1. Don’t let them know if you have your own feelings of inadequacy in maths. All too often parents tell me, in front of their child, “It’s no wonder they find it difficult, I’m dreadful at maths.” Children assume that they will be like their parents and automatically imitate their feelings and actions.

2. Talk about maths in contexts away from the maths books. Pizzas are great way to discuss fractions. Cooking, car journeys and train timetables all help with measurement and time.

3. Think about maths on your family days out. Theme parks are great places to consider speed, measurement and money. Pose questions such as “How high do you think that roller coaster is?” “Is this ride faster than x?” “How much is it for two adults and two children? Is that more or less than one adult and three children?” Visit technology, science and transport museums such as www.techniquest.org, www.ltmuseum.co.uk, www.sciencemuseum.org.uk. Simple trips to the swimming pool or cafe provide the opportunity to calculate with money or estimate the number of customers per hour, consider the most popular sandwich fillings or calculate the most frequent transport method to get to the destination.

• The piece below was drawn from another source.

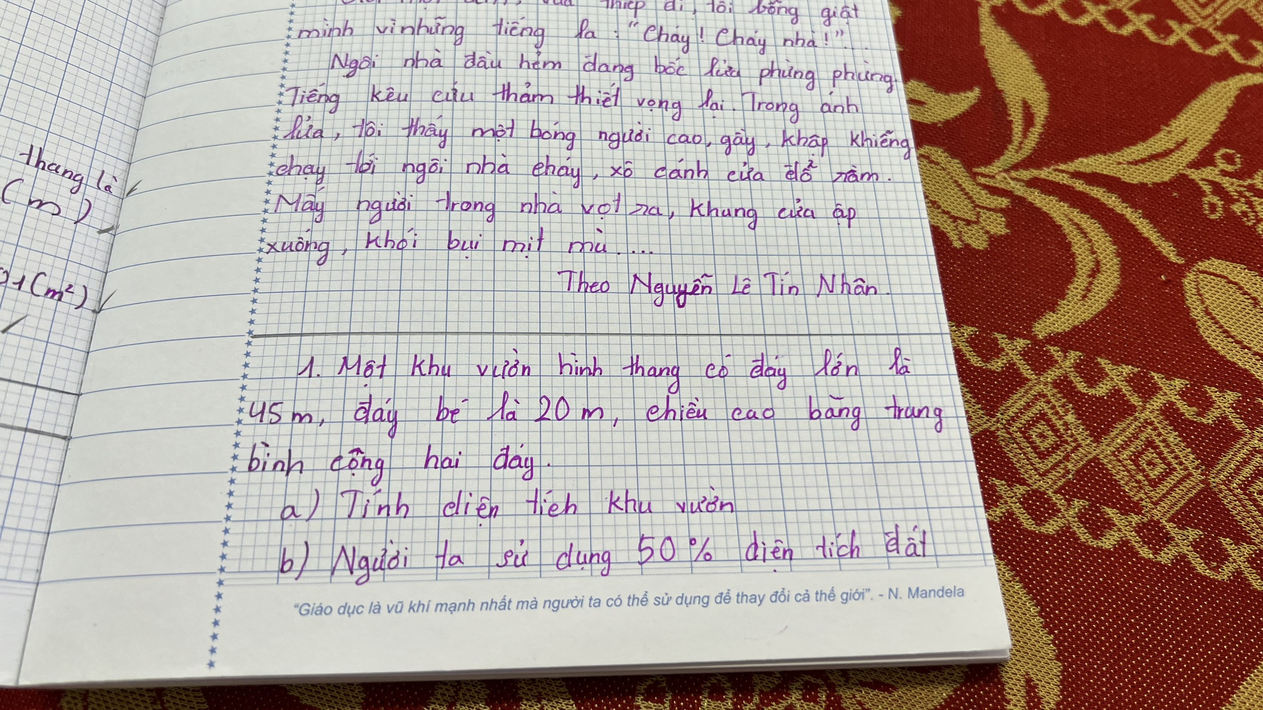 Một khu vườn hình thang có đáy lớn là 45m, đáy bé là 20m
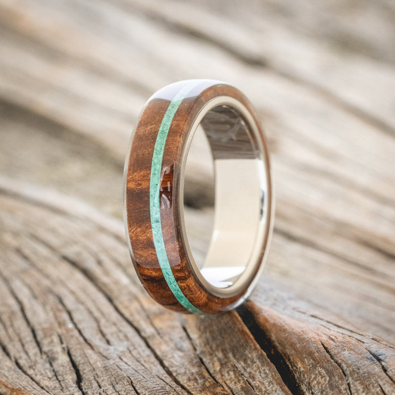 • Ring Style: "Remmy" is a custom, handcrafted men's wedding ring featuring a redwood overlay and an offset malachite inlay

4. Let your child play the teacher. Children love to be the teacher. Ask your child to explain partitioning or equivalent fractions to you. This will not only boost their confidence but it will help you to understand how your child is being taught.

5. Finally, if you struggle in maths yourself, endeavour to help yourself as well. There are maths books for parents who want to help their kids, there may be maths courses for parents at your local schools,or download DoodleMaths and work through the explanation section and remind yourself – after all, it was a long time ago!